Monday, January 19, 2009

The Less You Own The More You Have

aaah! the frustration of trying to minimalize. Lately, I've been dropping off a few grocery bags a month full of clothes I no longer wear: all apart of my lax, down-shifting endeavours. "Down-shifting" you say? Well I just heard the word first myself not long ago when the sense of it all embedded itself in my brain! There are a few definitions such as living on less but I think of it as downsizing consumerism and minimalizing posessions. The concept of what we need to live in a post-industrial society is deeply invested in consumerist ideals. The standard needs to change! Not lowering the standard-of-living per se but changing it. It's about re-evaluating our mind set of the criteria of what makes life enjoyable and worth while. But it is also how we can reshape our needs and dependencies without having to abandon all of our worldly possessions and to set up shelter at the base of any sacred mountain of our choosing. Most of us don't have the strength, let alone understanding of or motivation for that kind of life! We just have been saturated with MOREMOREMORE mentality when we should be meditating on a LESSISMORE framework. Recent blog posts on downshifting - a path to simplicity highlight some of the key issues surrounding down-shifting:
"As individuals and humans we are all interconnected in a series of interdependent systems."
This is a concept that is always inherent to the sustainability issue. If it was understood that everything in the environment, the system of nature and its relationships, was infinitely connected and dependent on each other for any kind of healthy existence than we would all be in a better place. DOWN WITH APATHY! I'm not telling you to necessarily throw away your television or give all your clothes to charity. But making small changes one day and one action at a time can make all the difference. Blah blah you've heard it before but that it can make the MOST difference is what needs to be acknowledged. To create a real shift in necessity and ecological impact, the smallest choices on an individual level are where the average person should begin.

On the downshifting journey of course there will be moments of confusion and evaluations of lifestyle. "On a deconsuming pattern, changes will happen and withdrawal symptoms for many will be heartfelt." This is a challenge but it doesn't have to seem impossible because it is so much easier than anyone might imagine if the mind - which it is all in - can expand to consider, sometimes radically different possibilities of living.
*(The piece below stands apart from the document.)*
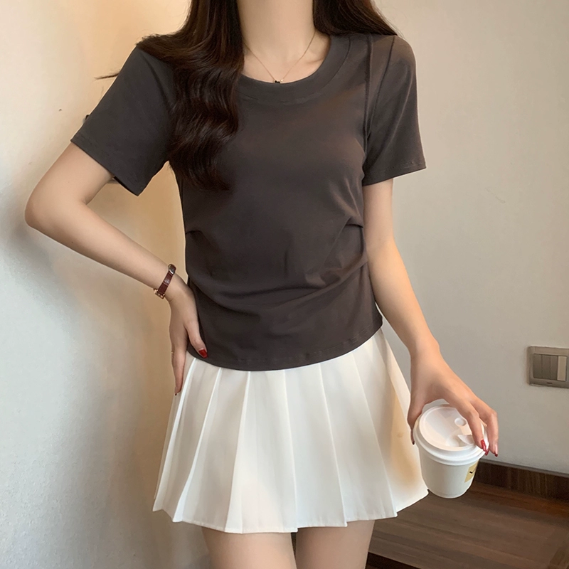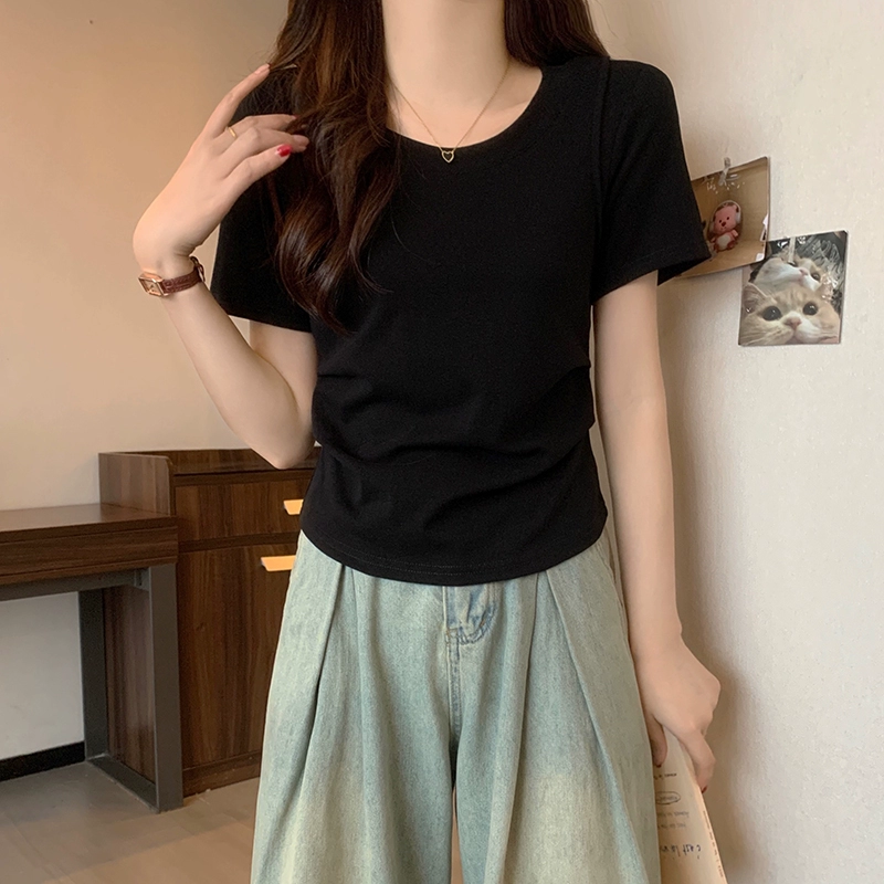 | nameOriginal | Short-sleeved plus size women's slimming top for fat women. Summer new style covering belly, waist and pleated casual all-match right shoulder T-shirt. |

Of course our individual actions also directly correspond to our actions as a group of humans, explained in a global context in this video that articulates "without some readjustment on our lifestyles we can no longer sustain such a demand on the planet's resources". David Suzuki also reitorates that there are lots of things you can do right now at your own home.

Vegetarianism is certainly one way that you can immediately and drastically reduce your ecological footprint. It helps also to put a perspective on down-shifting. As a relatively new vegetarian I've completely changed a set of food choices I've left unquestioned all my life. Seeing the benefits individually, environmentally and ecologically of removing unnecessary selections from my diet has lead me to perceive all the other possibilities. It's true that we only wear 10% of clothes in our closet - thin out what you don't wear and don't think you'll need. Heard of thrifting? That's another word for recycling clothing! One of my favourite down-shifting activities include having a "clothes party" with friends when you just bring along the items you no longer wear and exchange with others. Make a decision that will influence your future decisions of buying - ask W-H-Y-? Never buy another plastic water bottle again if you can help it! This includes investing in a water canteen, (one paradoxical consumer choice that can actually fight consumerist ideology!) Recycle, Recycle everything. Cereal and tampon boxes. Shampoo bottles and electronics! Call your municipality and become aware of all of the recycling opportunities. Go online and do some research of how to furthur reduce your ecological footprint! Any of David Suzuki's books or websites are a great place to start. If you can't recycle something you want or think you need, evaluate where it will end up in the future and ask yourself how every decision you make will effect the environment. Bring cloth shopping bags with you if you think there is any chance of purchasing items. If you forgot them and if it is possible then kindly decline the plastic shopping bag at the store and carry what you've bought or shove it in your purse! Of course, walk instead of drive if at all feasible.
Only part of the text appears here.